Helen was a nurse at a hospital for well-off women who were pregnant. The women would come to the hospital a few weeks before giving birth to be pampered and stay several weeks after for similar treatment.

“She came from very hard stock where her mother birthed her babies on the kitchen table and then rose to give everybody breakfast,” Mackall said with a laugh.

One day, not long after the attack on Pearl Harbor, Helen had enough of dealing with the rude patients at the hospital so she quit her job and decided to join the American Red Cross.

“She really did it because of her brothers, I think. She thought about them not having a nurse if they got injured,” Mackall said.

Frank Daley was a fun-loving, very handsome guy, Mackall said. He was in medical school when the Japanese attacked Pearl Harbor. Although he and his classmates had signed up for deferments, he was called to basic training soon after graduation.

Frank ended up at a hospital in Battle Creek, Michigan, where he was put in charge of the disease ward. A few weeks later, Helen arrived at the hospital for her training. She arrived on Easter morning and discovered she was the Head Nurse for the amputee ward o the hospital.

“Helen straightened her uniform and opened these double doors and looked in and every single bed, and there were a lot of them, were rigged up like puppets with no one to pull the strings,” Mackall said, choking back emotions. “She looked around and couldn’t stand it. So she just closed the door and ran down the hall to a bathroom.”

Helen splashed some water on her face and cried for the first time she could remember. But she quickly gathered her composure and went back out to face her patients again. As she was leaving the bathroom, she literally ran into Frank Daley, who was trying to go into the bathroom. In her haste, Helen had accidentally entered the men’s room.

“So that was their first meeting,” Mackall said.

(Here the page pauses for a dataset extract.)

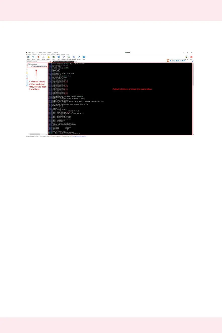 see the output information of the serial port after starting the development board

Helen “wanted nothing to do with any of those guys,” but Frank was smitten from their first encounter. So he continued to patiently pursue her. A few weeks later, Frank was sent away to prepare to be sent to Europe without being able to tell Helen that he was leaving. Desperate to reach his beloved, Frank risked a late-night, clandestine phone call to ask Helen to marry him.

“And then there was this dead silence. He thought maybe they got cut off. But the next thing she said was, ‘Are you out of your mind?’” Mackall said with a laugh.

They quickly got married before being sent their separate ways by Uncle Sam. Through the use of coded letters – a few of which are included in the book – the pair was able to meet up for some clandestine rendezvous, including one in a hidden room underneath a barn owned by French resistance fighters.

Mackall said it has been a privilege to get to know her parents in a way she never had before.

“I always knew they loved each other like crazy, but to see that going back and forth and some of the stuff they went through, it explained why my mom was so tough. And dad, too,” Mackall said.

Mackall, mother of three and grandmother of three, spends 8-10 hours a day writing or rewriting. She also records thoughts or notes as she walks the 5-mile trek around the lake in her community.

“When we first moved here, people out here referred to me as ‘that lady who talks to herself as she walks around the lake,’” Mackall said.

Mackall has written nearly 500 books in her more than 35 years as a published author. Her early works were novels written for adults. Once she had kids, she started writing books that were appropriate for their ages, and she has continued to write books for all ages.

Mackall will appear at 7 p.m. Friday at the Ashland Public Library to host a book launch party for “With Love, Wherever You Are.” The event is planned in conjunction with the Ashland County Historical Society and the Ashland University Campus Bookstore. Copies of the book will be available for purchase and Mackall will be reading excerpts and signing autographs.

Because the event takes place after regular business hours, guests must register with the library by calling 419-289-8188 or visiting the library website, www.ashland.lib.oh.us.